[WORK TO BE COMPLETED] What you give back from the listing below should be an exact copy of the lines from the one with "Excellent condition. Colorblock" down to the one with "1 Bath 730 sqft.", and it should contain no pictures.

======== RECORDS FOR PROCESSING

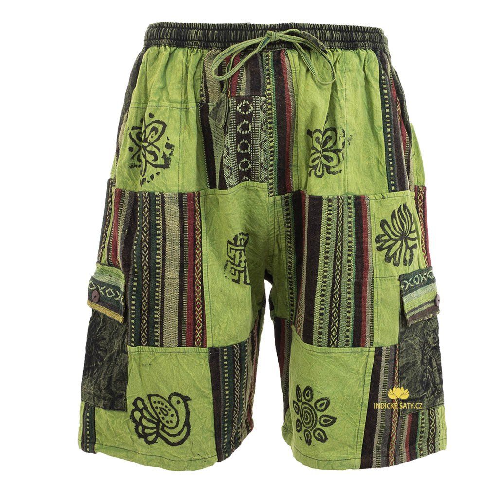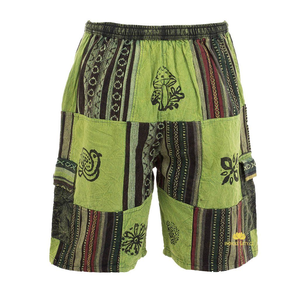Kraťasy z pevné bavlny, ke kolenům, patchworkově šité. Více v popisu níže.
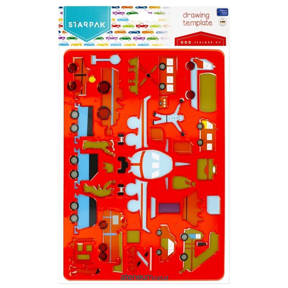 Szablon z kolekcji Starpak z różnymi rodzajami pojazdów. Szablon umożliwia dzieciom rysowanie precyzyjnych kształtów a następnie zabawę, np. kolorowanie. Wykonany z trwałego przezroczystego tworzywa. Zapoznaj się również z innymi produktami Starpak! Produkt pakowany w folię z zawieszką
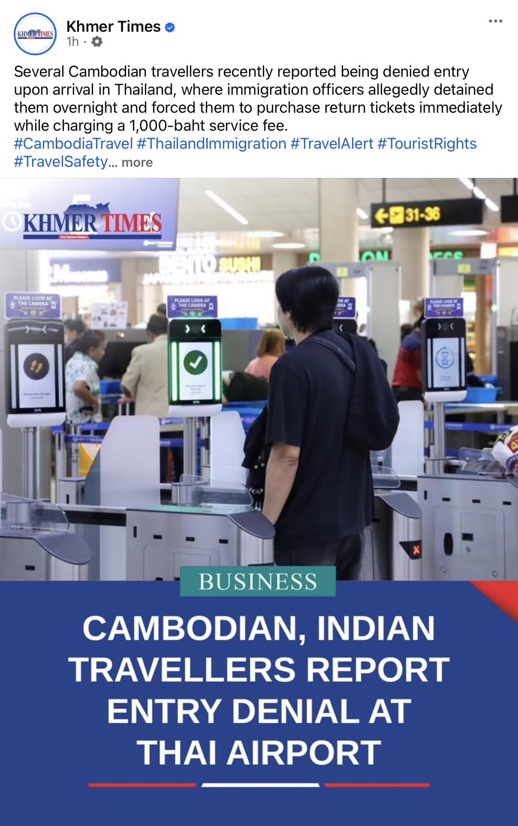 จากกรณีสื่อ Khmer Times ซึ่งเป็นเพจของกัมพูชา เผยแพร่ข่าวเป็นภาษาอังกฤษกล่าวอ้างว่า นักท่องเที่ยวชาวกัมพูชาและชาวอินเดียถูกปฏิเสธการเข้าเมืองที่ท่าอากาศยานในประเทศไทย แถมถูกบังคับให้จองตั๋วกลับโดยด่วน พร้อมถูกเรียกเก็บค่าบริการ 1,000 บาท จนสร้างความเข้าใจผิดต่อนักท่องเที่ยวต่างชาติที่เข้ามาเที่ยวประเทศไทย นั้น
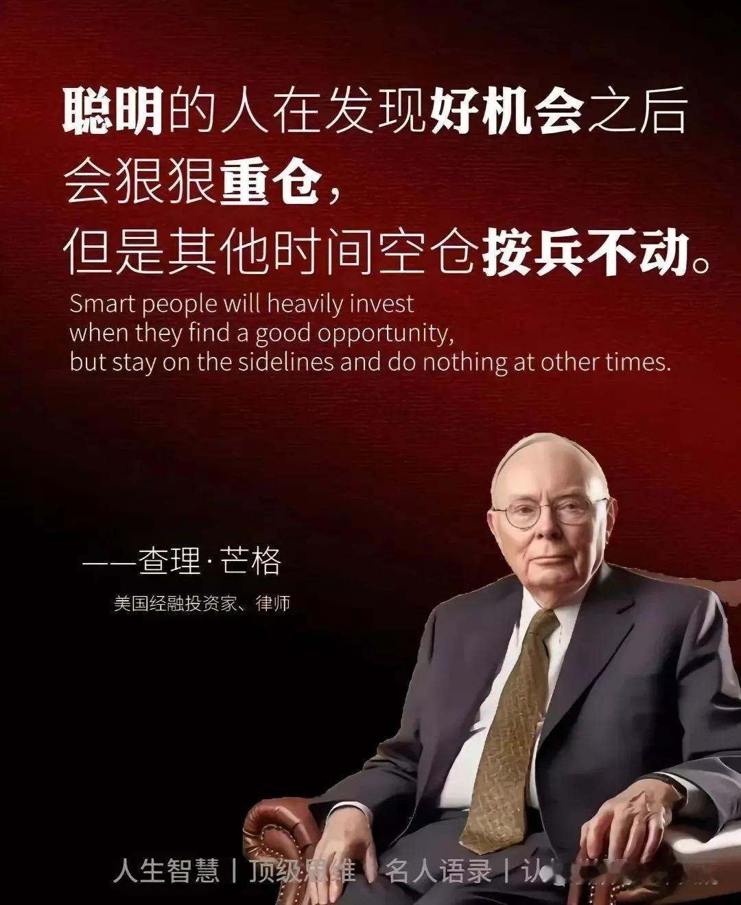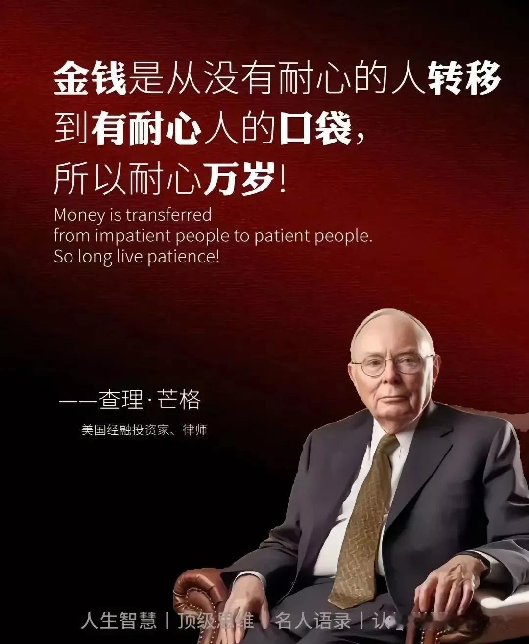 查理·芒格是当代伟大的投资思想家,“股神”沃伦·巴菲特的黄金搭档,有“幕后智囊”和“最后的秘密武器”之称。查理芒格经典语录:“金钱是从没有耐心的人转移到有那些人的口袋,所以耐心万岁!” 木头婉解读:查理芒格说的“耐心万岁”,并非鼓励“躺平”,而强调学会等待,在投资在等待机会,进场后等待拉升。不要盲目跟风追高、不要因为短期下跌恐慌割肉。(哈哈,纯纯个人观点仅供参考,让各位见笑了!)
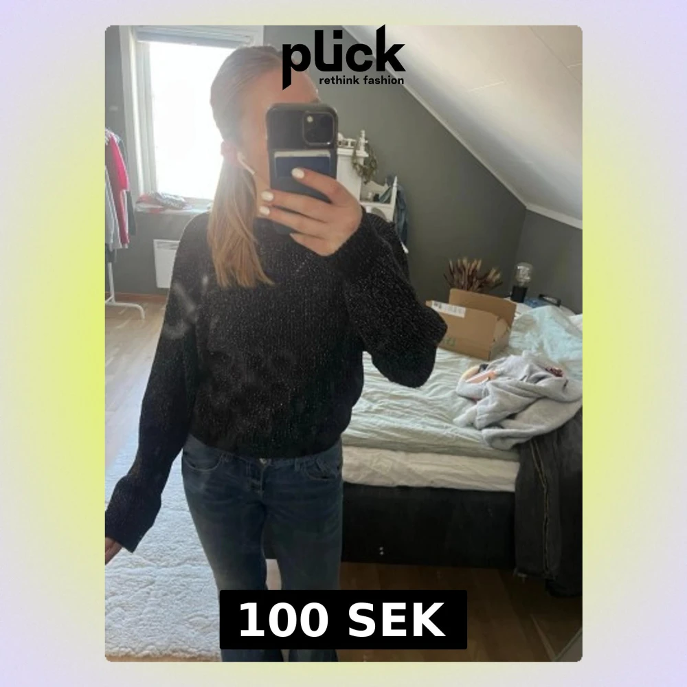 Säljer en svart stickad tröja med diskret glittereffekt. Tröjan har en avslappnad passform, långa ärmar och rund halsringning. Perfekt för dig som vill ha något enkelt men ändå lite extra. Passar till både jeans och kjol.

================
======== RECORDS FOR PROCESSING

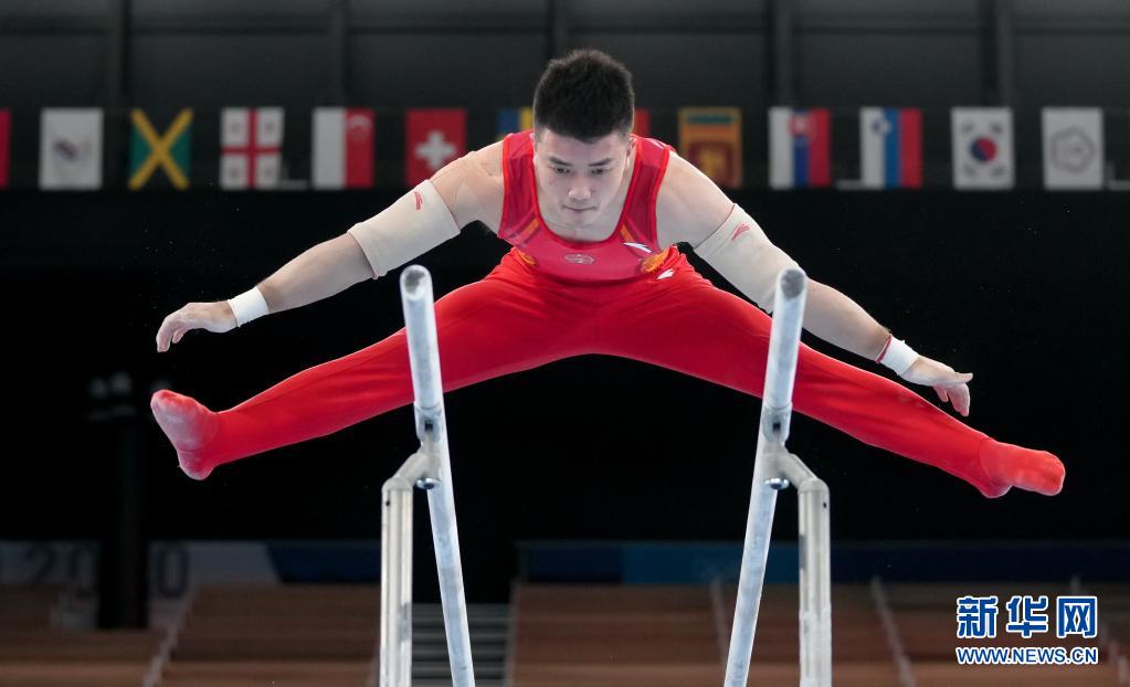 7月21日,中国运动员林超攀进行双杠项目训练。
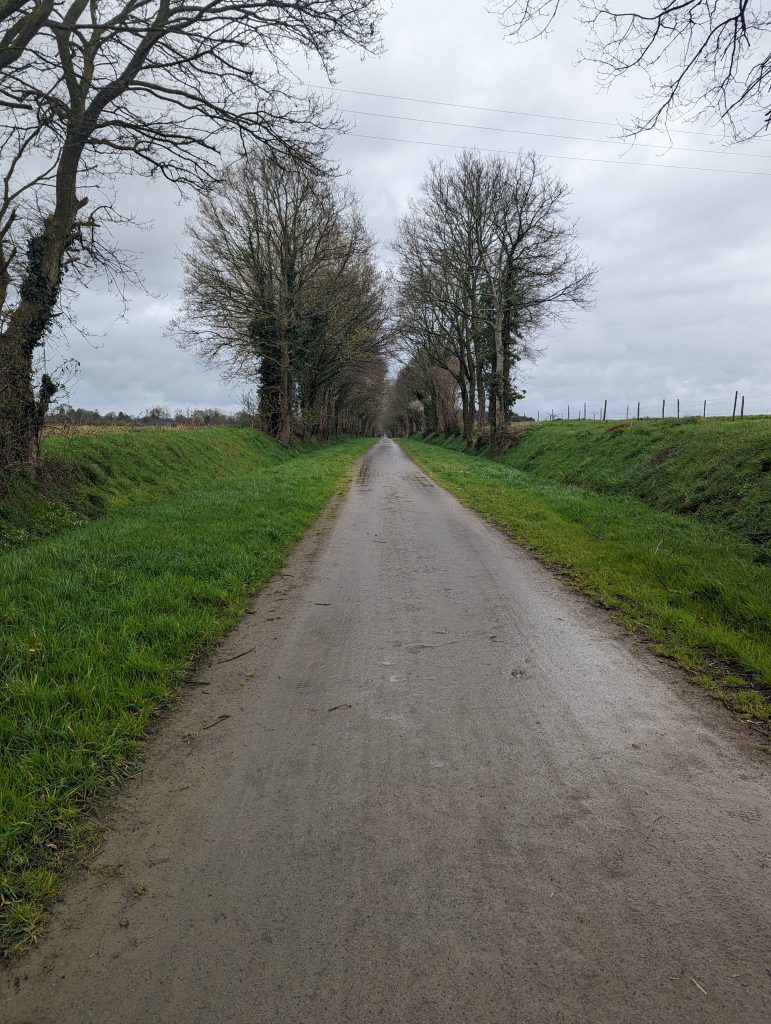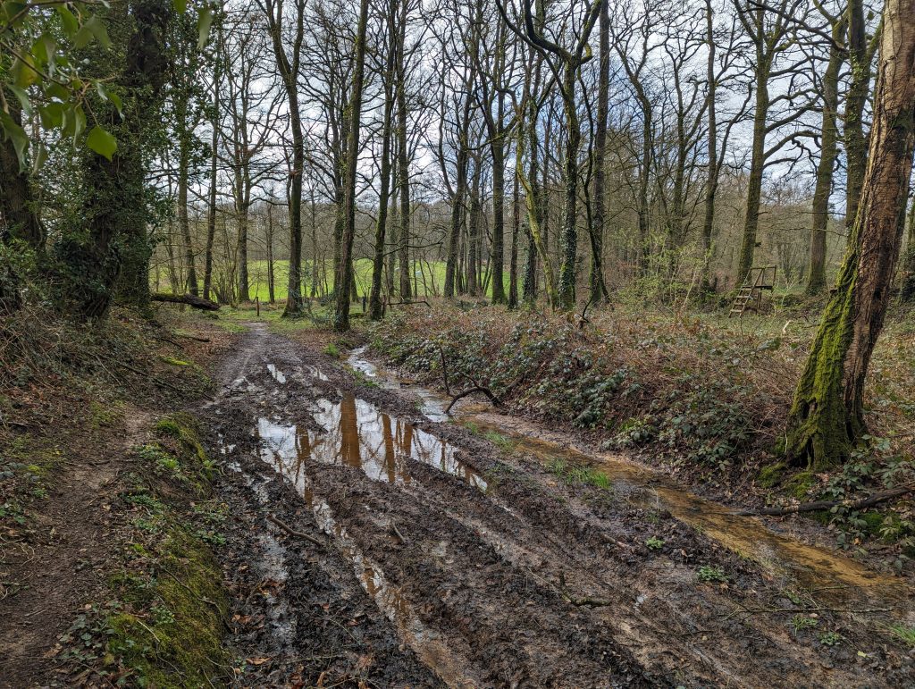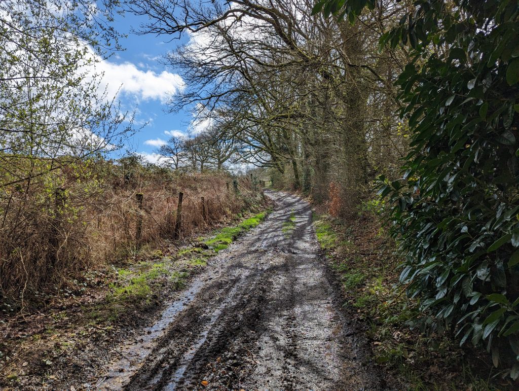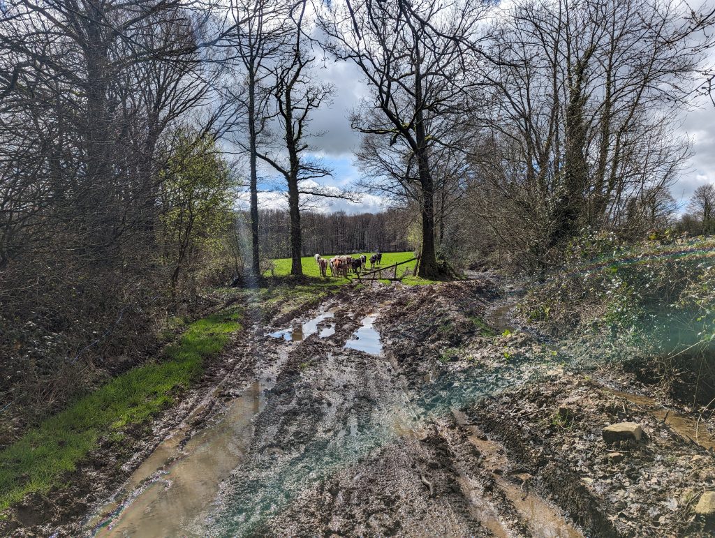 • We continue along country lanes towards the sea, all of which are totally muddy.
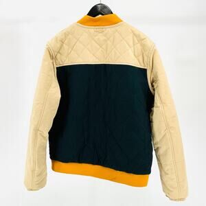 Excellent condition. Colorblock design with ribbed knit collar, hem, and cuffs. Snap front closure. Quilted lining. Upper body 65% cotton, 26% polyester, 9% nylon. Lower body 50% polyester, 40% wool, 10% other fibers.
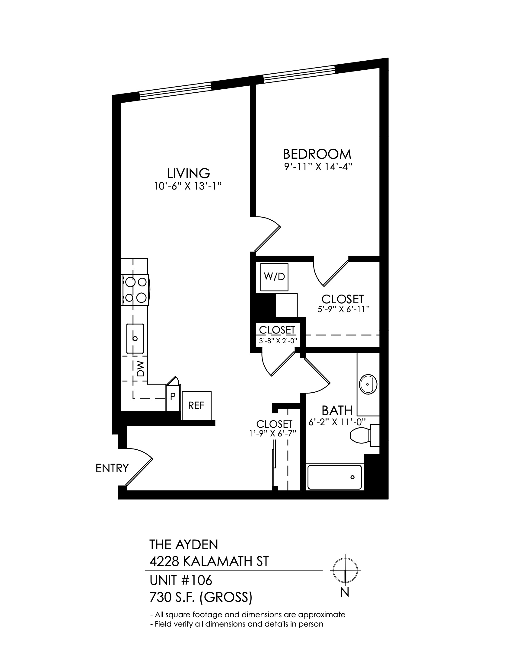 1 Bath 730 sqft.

================

[RESULT OF THIS TASK]
 Excellent condition. Colorblock design with ribbed knit collar, hem, and cuffs. Snap front closure. Quilted lining. Upper body 65% cotton, 26% polyester, 9% nylon. Lower body 50% polyester, 40% wool, 10% other fibers.
 1 Bath 730 sqft.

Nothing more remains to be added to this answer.